IIS6 vs. IIS7 and IIS7.5: handling URLs with plus sign (+) in base (not querystring)

iis-7 iis-7.5

For any URL with a plus sign (+) in the base URL (not the querystring), IIS7 and IIS7.5 (Windows Server 2008 and 2008 R2) do not appear to forward the URL to the default handler on an ASP.NET application. I started noticing the issue with a custom HTTP handler on *.html but I have the same issue with *.aspx. IIS6 (Server 2003) has no problem with these same URLs.

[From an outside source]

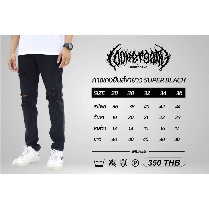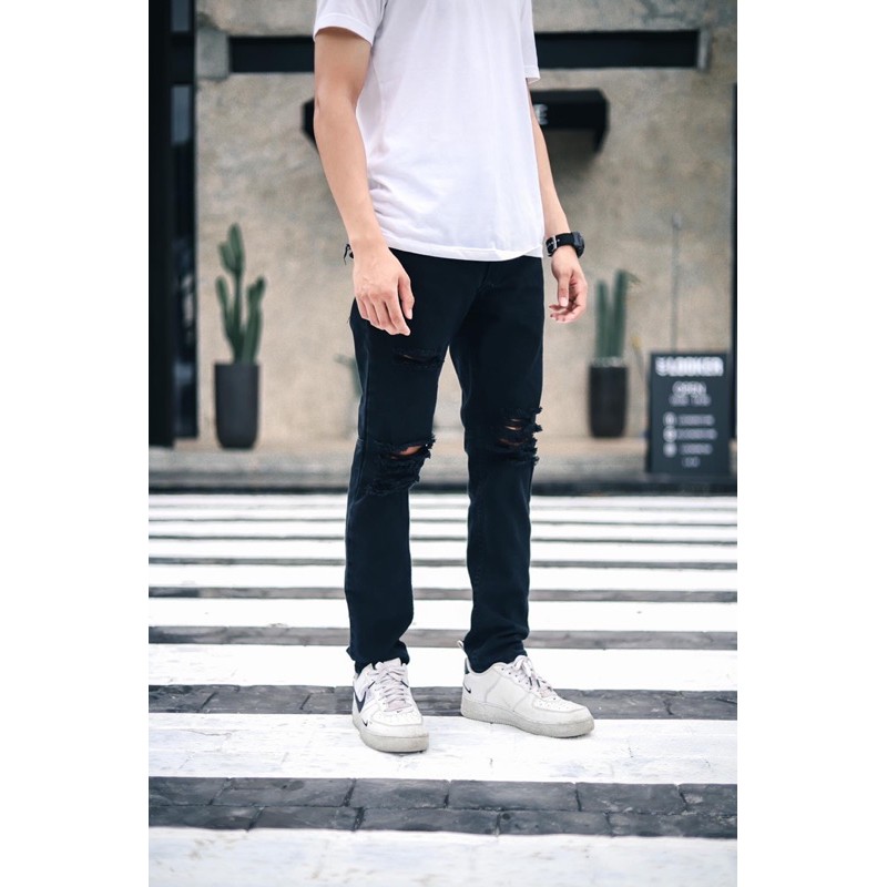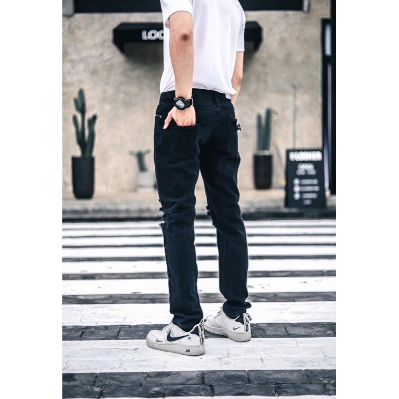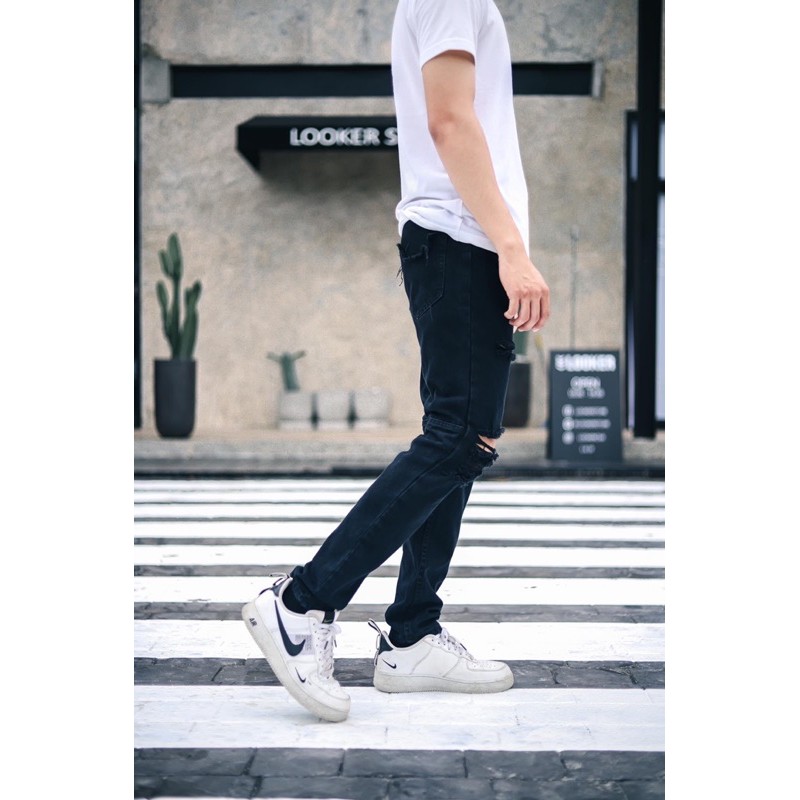 LOOKER - กางเกงยีนส์สีดำขายาว *รุ่นขาดเข่าแนวStreet*

To replicate the issue, in an ASP.NET site, I created a set of ASPX files that did a simple Response.Write with various names:

  1. test_something.aspx
  2. test_some+thing.aspx
  3. test_some thing.aspx

The third file was a test to see if IIS7[.5] was treating plus symbols as spaces (as it would in the querystring); this does not appear to be the case. With all of these files in place, hitting http://somehost/test_some+thing.aspx or http://somehost/test_some%2bthing.aspx will work fine in IIS6 but 404 in IIS7/IIS7.5 before getting to any ASP.NET handler. Is there some configuration in IIS7/7.5 that I am missing to get it to "see" a plus sign in the URL without missing the final extension used to determine an HTTP handler?


After searching for more combinations of IIS and plus, it appears that IIS7[.5] is set up to reject URLs with a plus sign by default out of some fear of the use of that character; that symbol is still allowed in the querystring, though. The solution is to alter the requestFiltering attribute default on <system><webServer><security><requestFiltering> to allow doubly-encoded characters with a command line call (ultimately modifying your ASP.NET web.config):

%windir%\system32\inetsrv\appcmd set config "Default Web Site" -section:system.webServer/security/requestFiltering -allowDoubleEscaping:true

This may be a bit more dangerous than one prefers to be with their web site, but there didn't appear to be a way to be more specific than a blanket allow. The warnings were regarding the mismatching that could occur between using a plus in a URL and its typical translation as a space. It looks like the only other alternative is to stop using plus characters in your URLs at all.


I just figured out how to make a rewrite rule to convince IIS7 to map pluses to spaces in URLs. In my case it was to keep legacy bookmarks or hyperlinks working.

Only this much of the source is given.